I'm hoping I can nurse her back to health after I move and get my second tank up and running.


----------



## vann59 (Jun 20, 2011)

That's pretty sad. This is why it's always good to have a spare tank, and filter standing by. Your only hope is to separate her. Don't put her back into that tank or it will happen again. Mbunas are famous for aggression with certain exceptions. Normally I would say the fin would definitely grow back, but that one looks like it was completely removed down to the flesh, so I don't know for sure, but give it a try.


----------



## DJRansome (Oct 29, 2005)

If she is still in the tank, they are still attacking her. If you remove her, you will see fin regrowth within a week. If a fin is bitten off right into the body as vann said, it may not regrow. But nothing to be lost by trying. Even putting her in a breeder net will help for an immediate, short term solution.


----------



## Jarryd330 (Sep 14, 2011)

She was bleeding when I found her. The other wounds have healed but the tail hasn't grown back. She has a hard time swimming. I just hate to get rid of her but I know she's uncomfortable.


----------



## Jarryd330 (Sep 14, 2011)

What's the best thing to do with her of it won't grow back?


----------



## vann59 (Jun 20, 2011)

If a fish is suffering and you can't help it get better, there is a way to euthanize them using clove oil. You can google it.


----------



## Jarryd330 (Sep 14, 2011)

I'd seen that before. I hate that because my m-f ratio was already bad.

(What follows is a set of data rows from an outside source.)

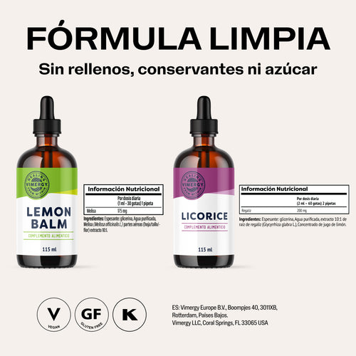 La melisa se usa tradicionalmente para aliviar molestias gastrointestinales leves como hinchazón y flatulencias; el regaliz ayuda a calmar las molestias digestivas, como la gastritis.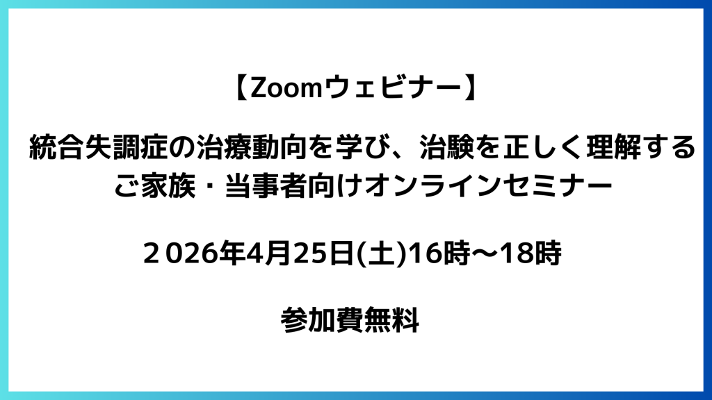 【4/25(土)ウェビナー開催】統合失調症の治療とその選択肢をご家族・当事者と一緒に考えるオンラインセミナー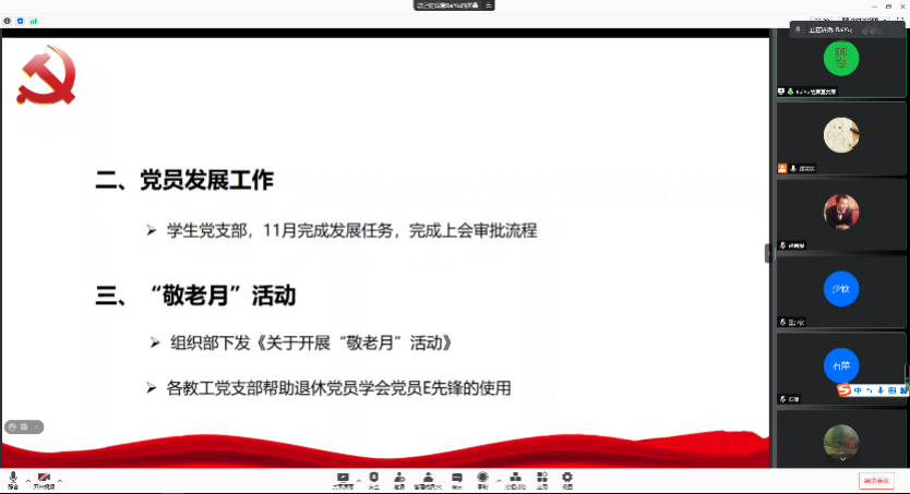 同时,为了帮助退休老师推进支部规范化建设,针对党员E先锋录入难的问题,学院将退休党员教师按照退休前所属系(中心)安排到各个在职教工党支部,并建立一支能够持续给力的系统管理员队伍,来协助完成退休党员教师的录入问题。在职党员教师也一对一帮扶退休党员教师学习使用“党支部云课堂”开展学习活动。

I'm going to do some major adjusting when I move next weekend.


----------



## vann59 (Jun 20, 2011)

It's especially important with those more aggressive species to choose tank mates carefully. Harems with several females to each male of the same species a good idea. But keep in mind that many of those mbuna will interbreed.


----------



## Jarryd330 (Sep 14, 2011)

Yea, I'm trying to move to a less aggressive tank even though I really like my mbunas. I have a few troublemakers in there.


----------



## vann59 (Jun 20, 2011)

Jarryd330 said:


> Yea, I'm trying to move to a less aggressive tank even though I really like my mbunas. I have a few troublemakers in there.


There are some species that really aren't too bad, if you check the profiles you can find them.


----------



## Jarryd330 (Sep 14, 2011)

My labs and aceis are pretty docile, I'd like to eliminate everything else but the girlfriend gets attached to fish and she bought some so they have to stay.


----------



## vann59 (Jun 20, 2011)

Jarryd330 said:


> My labs and aceis are pretty docile, I'd like to eliminate everything else but the girlfriend gets attached to fish and she bought some so they have to stay.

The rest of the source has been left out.